* **What to produce**: Only the pictures are to be omitted; every entry beneath should otherwise be duplicated exactly.

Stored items
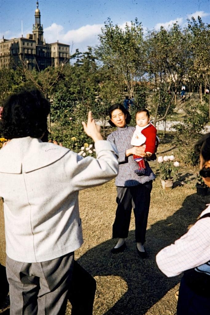 这是一家人在人民公园拍照留念的情景。人民公园刚刚建造完成、对外开放的时候,这里是很多上海人休闲、游玩的场所。因为在上海寸土是金的地方,基本上全是房屋建筑,难得有这么大的绿化公园,很多市民在这里体验到了身心重回自然的感觉。
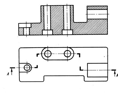 Обозначение секущих плоскостей вводится для простых разрезов, если секущая плоскость проходит не по плоскости симметрии детали, для всех сложных разрезов, для наклонных разрезов. Секущие плоскости, совпадающие с плоскостями симметрии детали при выполнении простых разрезов, допускается не обозначать.
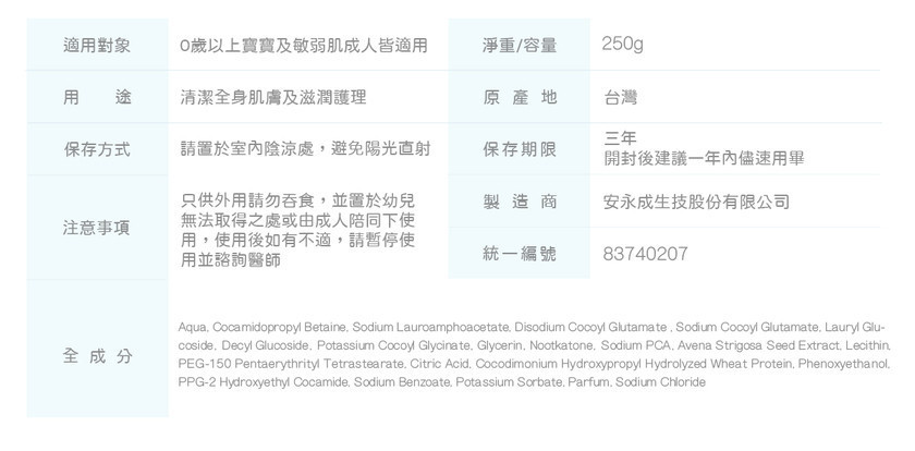 成分:Aqua、Cocamidopropyl Betaine、Sodium Lauroamphoacetate、Disodium Cocoyl Glutamate、Sodium Cocoyl Glutamate、 Lauryl Glucoside、Decyl Glucoside、Potassium Cocoyl Glycinate等。全成分詳見產品包裝標示
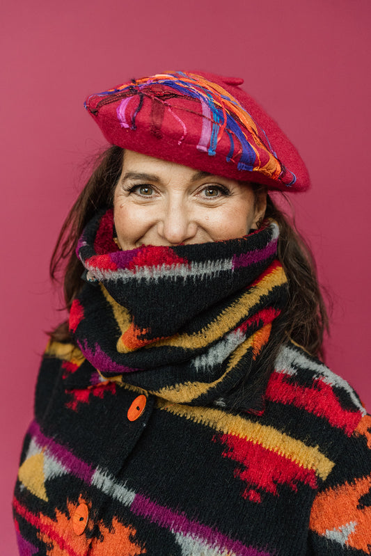 Large Ruffle Scrunchie Headband in Gold & Coral
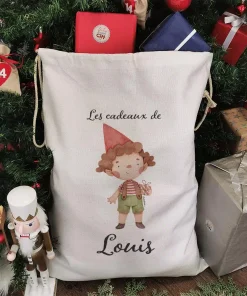 Hotte de Noël XXL personnalisée – “Les cadeaux de …” – Lutin (Garçon)
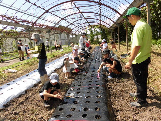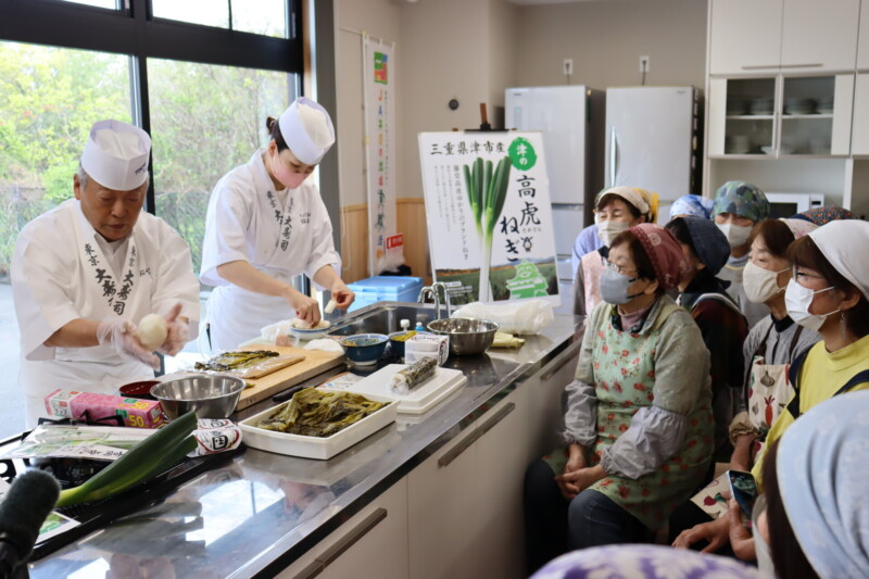 イベント前半は、深見さんがクイズを交えながら藤堂高虎の足跡や市の歴史をわかりやすく紹介。続いて、松田さんが45年前に考案した「高虎巻き」の作り方を実演しました。「高虎巻き」は、高虎の「高」にちなみ、高菜で巻いた巻きずし。同JAブランドの白ネギ「高虎ねぎ」と米「至福の一杯」、納豆、ナガイモなど地元食材を使用し、自宅でも簡単に作れるレシピとして紹介してくれました。参加者は、具材がこぼれないように巻きすでしっかり包みながら、巻きずし作りに挑戦していました。
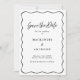 Set the tone for your celebration with this effortlessly chic black-and-white Save the Date card, designed for couples who love simplicity with a twist. A playful wavy squiggle frame surrounds the handwritten “Save the Date” script, adding warmth and personality to a clean white backdrop.
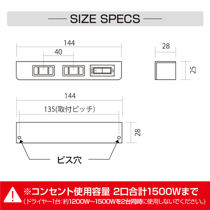 定格出力 / 電源タップAC15A / 100V 合計1500W
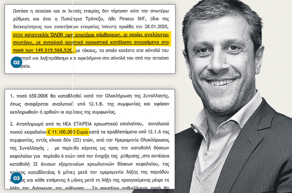 Πιο συγκεκριμένα, βάσει της συμφωνίας εξυγίανσης που αποκάλυψε το Documento, από δάνειο 149.519.568,52 ευρώ ο Κ. Πηλαδάκης συμφώνησε με την Τράπεζα Πειραιώς, στην οποία οφείλουν οι εταιρείες του, να πληρώσει 23,6 εκατ. ευρώ και μάλιστα σε διάρκεια 22 χρόνων.

* **Answer for this exercise**:
 这是一家人在人民公园拍照留念的情景。人民公园刚刚建造完成、对外开放的时候,这里是很多上海人休闲、游玩的场所。因为在上海寸土是金的地方,基本上全是房屋建筑,难得有这么大的绿化公园,很多市民在这里体验到了身心重回自然的感觉。
 Обозначение секущих плоскостей вводится для простых разрезов, если секущая плоскость проходит не по плоскости симметрии детали, для всех сложных разрезов, для наклонных разрезов. Секущие плоскости, совпадающие с плоскостями симметрии детали при выполнении простых разрезов, допускается не обозначать.
 成分:Aqua、Cocamidopropyl Betaine、Sodium Lauroamphoacetate、Disodium Cocoyl Glutamate、Sodium Cocoyl Glutamate、 Lauryl Glucoside、Decyl Glucoside、Potassium Cocoyl Glycinate等。全成分詳見產品包裝標示
 Large Ruffle Scrunchie Headband in Gold & Coral
 Hotte de Noël XXL personnalisée – “Les cadeaux de …” – Lutin (Garçon)
 イベント前半は、深見さんがクイズを交えながら藤堂高虎の足跡や市の歴史をわかりやすく紹介。続いて、松田さんが45年前に考案した「高虎巻き」の作り方を実演しました。「高虎巻き」は、高虎の「高」にちなみ、高菜で巻いた巻きずし。同JAブランドの白ネギ「高虎ねぎ」と米「至福の一杯」、納豆、ナガイモなど地元食材を使用し、自宅でも簡単に作れるレシピとして紹介してくれました。参加者は、具材がこぼれないように巻きすでしっかり包みながら、巻きずし作りに挑戦していました。
 Set the tone for your celebration with this effortlessly chic black-and-white Save the Date card, designed for couples who love simplicity with a twist. A playful wavy squiggle frame surrounds the handwritten “Save the Date” script, adding warmth and personality to a clean white backdrop.
 定格出力 / 電源タップAC15A / 100V 合計1500W
 Πιο συγκεκριμένα, βάσει της συμφωνίας εξυγίανσης που αποκάλυψε το Documento, από δάνειο 149.519.568,52 ευρώ ο Κ. Πηλαδάκης συμφώνησε με την Τράπεζα Πειραιώς, στην οποία οφείλουν οι εταιρείες του, να πληρώσει 23,6 εκατ. ευρώ και μάλιστα σε διάρκεια 22 χρόνων.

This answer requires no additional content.